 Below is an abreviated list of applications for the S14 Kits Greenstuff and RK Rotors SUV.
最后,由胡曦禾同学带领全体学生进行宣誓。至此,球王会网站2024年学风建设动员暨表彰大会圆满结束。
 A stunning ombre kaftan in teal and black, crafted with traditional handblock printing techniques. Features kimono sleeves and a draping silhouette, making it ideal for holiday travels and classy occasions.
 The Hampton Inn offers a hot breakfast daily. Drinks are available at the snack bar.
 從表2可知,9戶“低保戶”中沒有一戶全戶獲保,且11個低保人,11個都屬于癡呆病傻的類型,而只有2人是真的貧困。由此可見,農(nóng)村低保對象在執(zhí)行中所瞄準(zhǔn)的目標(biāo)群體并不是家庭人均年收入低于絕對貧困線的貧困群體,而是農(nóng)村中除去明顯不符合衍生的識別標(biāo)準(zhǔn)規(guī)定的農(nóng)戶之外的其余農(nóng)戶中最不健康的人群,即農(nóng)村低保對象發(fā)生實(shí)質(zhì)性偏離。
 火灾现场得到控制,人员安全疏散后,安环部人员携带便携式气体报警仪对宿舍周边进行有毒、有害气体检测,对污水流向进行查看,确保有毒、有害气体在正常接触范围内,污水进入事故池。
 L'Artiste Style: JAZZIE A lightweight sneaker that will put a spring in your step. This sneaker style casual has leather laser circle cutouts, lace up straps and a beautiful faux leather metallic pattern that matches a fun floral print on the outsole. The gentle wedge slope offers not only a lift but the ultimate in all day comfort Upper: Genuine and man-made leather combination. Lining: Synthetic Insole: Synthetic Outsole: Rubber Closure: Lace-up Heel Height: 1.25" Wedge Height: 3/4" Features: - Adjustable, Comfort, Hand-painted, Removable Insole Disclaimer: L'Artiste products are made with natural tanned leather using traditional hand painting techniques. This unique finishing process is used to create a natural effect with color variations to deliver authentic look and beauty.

——————————

**What to do**
Nothing may be left out. Retype all the entries exactly.

**Completed exercise**
 Below is an abreviated list of applications for the S14 Kits Greenstuff and RK Rotors SUV.
最后,由胡曦禾同学带领全体学生进行宣誓。至此,球王会网站2024年学风建设动员暨表彰大会圆满结束。
 A stunning ombre kaftan in teal and black, crafted with traditional handblock printing techniques. Features kimono sleeves and a draping silhouette, making it ideal for holiday travels and classy occasions.
 The Hampton Inn offers a hot breakfast daily. Drinks are available at the snack bar.
 從表2可知,9戶“低保戶”中沒有一戶全戶獲保,且11個低保人,11個都屬于癡呆病傻的類型,而只有2人是真的貧困。由此可見,農(nóng)村低保對象在執(zhí)行中所瞄準(zhǔn)的目標(biāo)群體并不是家庭人均年收入低于絕對貧困線的貧困群體,而是農(nóng)村中除去明顯不符合衍生的識別標(biāo)準(zhǔn)規(guī)定的農(nóng)戶之外的其余農(nóng)戶中最不健康的人群,即農(nóng)村低保對象發(fā)生實(shí)質(zhì)性偏離。
 火灾现场得到控制,人员安全疏散后,安环部人员携带便携式气体报警仪对宿舍周边进行有毒、有害气体检测,对污水流向进行查看,确保有毒、有害气体在正常接触范围内,污水进入事故池。
 L'Artiste Style: JAZZIE A lightweight sneaker that will put a spring in your step. This sneaker style casual has leather laser circle cutouts, lace up straps and a beautiful faux leather metallic pattern that matches a fun floral print on the outsole. The gentle wedge slope offers not only a lift but the ultimate in all day comfort Upper: Genuine and man-made leather combination. Lining: Synthetic Insole: Synthetic Outsole: Rubber Closure: Lace-up Heel Height: 1.25" Wedge Height: 3/4" Features: - Adjustable, Comfort, Hand-painted, Removable Insole Disclaimer: L'Artiste products are made with natural tanned leather using traditional hand painting techniques. This unique finishing process is used to create a natural effect with color variations to deliver authentic look and beauty.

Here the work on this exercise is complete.